Hoop dat iemand mij hier een antwoord op kan geven :Smile:

----------


## Sefi

Altijd een maagbeschermer gebruiken bij veel of langdurig gebruik van NSAID's (diclofenac, ibuprofen, naproxen, e.d.)
Eigenlijk zouden artsen dat standaard moeten voorschrijven bij een recept voor NSAID's, maar helaas zijn er nog veel artsen die dit niet doen.

Heb je last van maagklachten (pijn of zuur) als je een diclofenac op hebt? Als dat het geval is dan zou ik zeker nog aandringen bij je huisarts.

Het is geen waar dat het alleen wordt voorgeschreven voor mensen van 65 jaar of ouder.
Je schrijft een maagbeschermer voor, om maagklachten te voorkomen, omdat de kans groot is dat je klachten gaat krijgen bij veelvuldig gebruik van NSAID's. Helaas geven sommige artsen pas een maagbeschermer als er klachten zijn, maar dat is eigenlijk al te laat.
Voorkomen is beter dan genezen.

----------


## sietske763

hoi,
dat is echt grote onzin van je HA,
net zoals sefi zegt moet je voor die med. een maagbeschermer hebben,
heb zelf in ZH gewerkt en bijna alle pat. kregen een maagbeschermer voor hun pijnstilling met diclo
zelf heb ik er meerdere gehad maar de pantazol 40 mg vind ik de beste.

----------


## cvandamme

Ja, een maagbeschermer is dan zeker nodig!!!!

----------


## dolfijnjorien

> Altijd een maagbeschermer gebruiken bij veel of langdurig gebruik van NSAID's (diclofenac, ibuprofen, naproxen, e.d.)
> Eigenlijk zouden artsen dat standaard moeten voorschrijven bij een recept voor NSAID's, maar helaas zijn er nog veel artsen die dit niet doen.
> 
> Heb je last van maagklachten (pijn of zuur) als je een diclofenac op hebt? Als dat het geval is dan zou ik zeker nog aandringen bij je huisarts.
> 
> Het is geen waar dat het alleen wordt voorgeschreven voor mensen van 65 jaar of ouder.
> Je schrijft een maagbeschermer voor, om maagklachten te voorkomen, omdat de kans groot is dat je klachten gaat krijgen bij veelvuldig gebruik van NSAID's. Helaas geven sommige artsen pas een maagbeschermer als er klachten zijn, maar dat is eigenlijk al te laat.
> Voorkomen is beter dan genezen.



Ik heb geen last van maagklachten alleen heb ik soms wel dat ik ze op de lege maag slik of zoals in het weekend dat je dan 's avonds wel wat drank drinkt.
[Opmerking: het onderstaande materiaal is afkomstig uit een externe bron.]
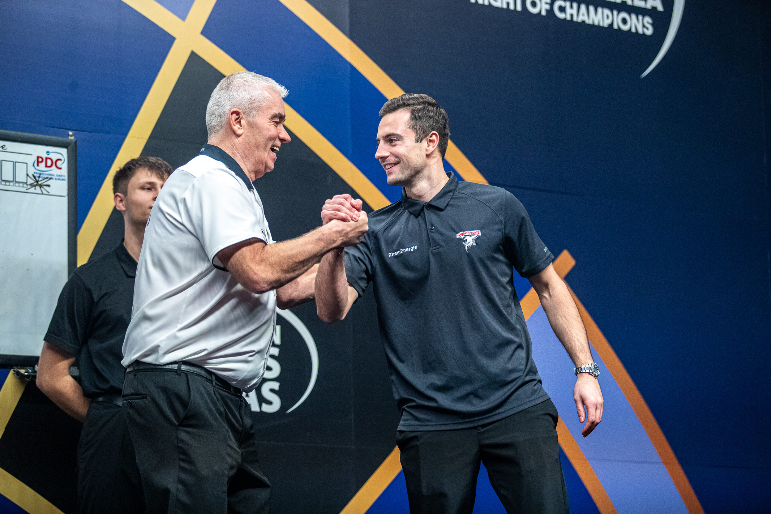 Am Freitagabend waren unsere Spieler Maximilian Kammerer und Håkon Hänelt Gastspieler bei der PDC World Darts Gala in der LANXESS arena, die niemand Geringeres als der Niederländer Michael van Gerwen gewann. Vor 11.000 Zuschauern spielten unsere Profis auf der Bühne ein kurzweiliges Showmatch, wurden dabei unter anderem von Teamkollegen im Publikum unterstützt und schlugen sich dabei mehr als wacker.

Maar net als je zegt voorkomen is beter dan genezen, dat vind ik dan ook wel alleen heb ik niet echt zo iets van goh laat ik maar eens eventjes weer naar de huisarts gaan want die man die zegt dan toch nee geef ik niet dan is et voor mij wel zinloos om dat te gaan aanvragen snapje?

----------


## Sefi

Anders bel je naar de assistente van de huisarts of dat ze wil vragen of dat je die maagbeschermer krijgt. Dan hoef je er niet naartoe. Dat heb ik ook zelf ook wel gedaan om dingen te proberen te regelen via de assistente.
Als je soms wat last had van zuur dan had je dat natuurlijk als argument kunnen gebruiken en had het wellicht beter gelukt.
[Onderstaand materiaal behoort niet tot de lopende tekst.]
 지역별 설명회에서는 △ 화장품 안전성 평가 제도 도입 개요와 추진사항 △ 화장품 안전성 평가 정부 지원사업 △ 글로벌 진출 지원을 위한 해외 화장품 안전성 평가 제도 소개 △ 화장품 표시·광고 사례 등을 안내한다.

Moet je die diclofenac nog voor lang blijven slikken? Of is het een tijdelijk iets? Als het tijdelijk is en je hebt er verder geen last van dan kun je het misschien laten schieten, maar zoals gezegd zou een maagbeschermer eigenlijk wel moeten.

----------


## Ronald68

> Hallo, 
> 
> Ik ben 16 en ik gebruik best wel vaak een diclofenac(25mg), en nu was ik laatst bij mijn begeleider en die vond dat ik een maag beschermer moest hebben, dus had ik naar mijn huisarts gebeld om dat te gaan overleggen, nu zei mijn huisarts van dat ik dat niet hoefde te hebben omdat ze die alleen uischrijven bij mensen van 65 jaar en ouder Klopt dat wel?? 
> 
> Hoop dat iemand mij hier een antwoord op kan geven


Onzin, ik ben 42 en krijg bij gebruik van diclofenac ook een maagbeschermer echter mede doordat ik ook aan de paroxetine zit overigens.

----------


## dolfijnjorien

@Sefi: Ik had ook de doktersassistent gebeld om dat te overleggen maar toen zei zij tegen mij dat ze dat eerst met de dokter moest overleggen 

Die diclofenac slik ik onderhand al een heel tijd

----------


## Sefi

Klopt dat de assistente eerst moet overleggen met de dokter, maar dan kan ze je toch terug bellen, of je belt later terug als ze de tijd heeft gehad om te overleggen.
Of heeft ze dat gedaan en kreeg je ze niet?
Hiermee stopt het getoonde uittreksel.